Women aged 30 to 55 years were recruited and randomly assigned to either 12 weeks of the group intervention or usual care (control). The group intervention was based on a manual and used CBT and problem solving principles with weekly topics including raising activity levels, spotting and catching negative thoughts, problem solving and relaxation. Women were recruited from deprived areas of Bristol. The groups were run by facilitators with some experience and background in group work and one weeks training in use of the course manual. Assessments of mental health were made using measures including the PHQ-9. Follow-up was at 3 and 6 months after the intervention. Qualitative methods were used to support the design of the intervention and to help understand issues of acceptability and feasibility.
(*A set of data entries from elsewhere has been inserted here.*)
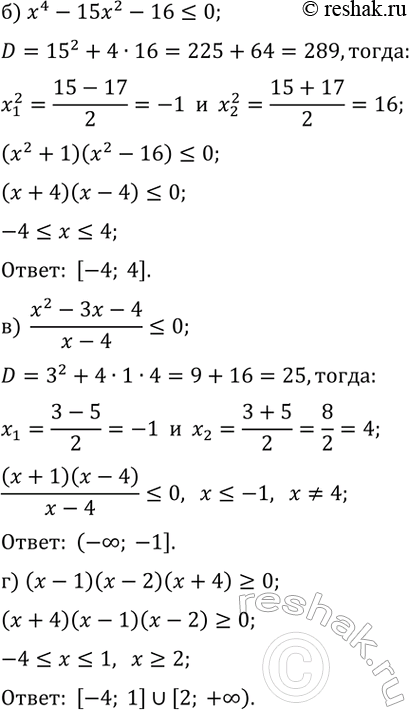 в) (x^2-3x-4)/(x-4)?0; г) (x-1)(x-2)(x+4)?0.
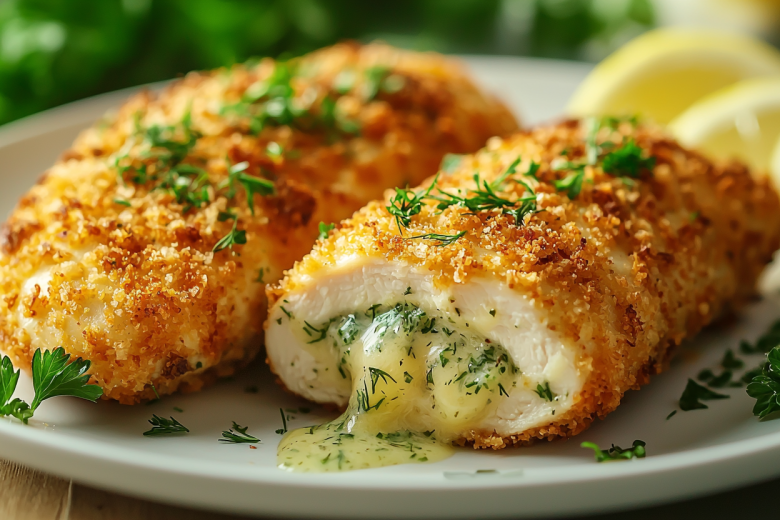 Это блюдо — проверенная временем классика, которая превращает простое куриное филе в праздничный ужин. Его магия — в сочной куриной котлете, скрывающей внутри холодное сливочное масло с зеленью, которое во время жарки превращается в ароматный, нежный соус. При правильном приготовлении вы получаете идеальный контраст: хрустящую золотистую панировку и невероятно сочное, ароматное мясо.
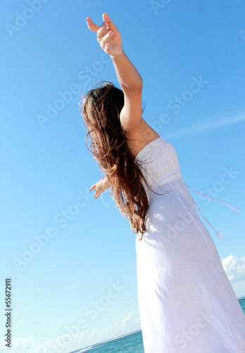 © Odua Images, Naklejka premium Woman relaxing at the beach with arms open enjoying her freedom
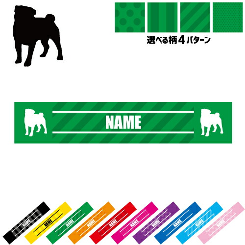 「パグ」犬種別ドッグシルエット 名入れマフラータオル タオルマフラー タオマフ スポーツタオル イベントタオル フェスタオル 首掛け ストライプ ドット 水玉 柄タオル ポリエステル ネックタオル ピクトグラム お揃い 部活 応援グッズ 応援マフラー 記念品 名入れグッズ
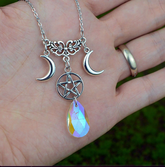 Witches Pentacle / Pentagram Crescent Moon Crystal Necklace
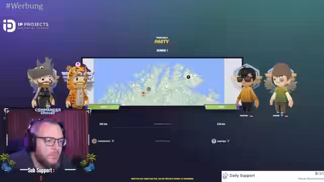 01:24:51Der Kommentator und sein Co-Moderator bereiten das nächste Match zwischen den Teams Pinmihada und Mackerknacker vor. Es kommt zu kleineren technischen Unstimmigkeiten, da der Lobby-Code versehentlich im Stream sichtbar war. Trotzdem starten die Spieler. Die erste Runde findet auf der Community World Map statt, was经典的 Master-Maps und hohes Niveau erfordert. Die Spieler arbeiten mit strategischen Splits und nutzen Meta-Knowledge, um die wahrscheinlichsten Länder wie Chile, Brasilien oder Indien zu raten.

Interviews were conducted with all participants at baseline and at 3 and 6 months although detailed qualitative analysis was based on a purposive sample of 20 participants at the 3 time points.
Of the 86 participants assessed for eligibility, 52 were allocated to the intervention arm and 21 to the control group. The intervention was delivered according to the manual despite the limited training of the facilitators. The intervention was received favourably by participants and facilitators, with good attendance at sessions for those who engaged with the intervention. Follow up rates at 3 and 6 months for women in both the intervention and control arms were also good. The trial methodology used was appropriate and feasible.
This study showed that a randomised controlled trial of group CBT for women with depression is feasible and the intervention is acceptable, and may possibly prove to be effective in a larger trial. The cost effectiveness of group CBT for depression should be explored further in a full trial.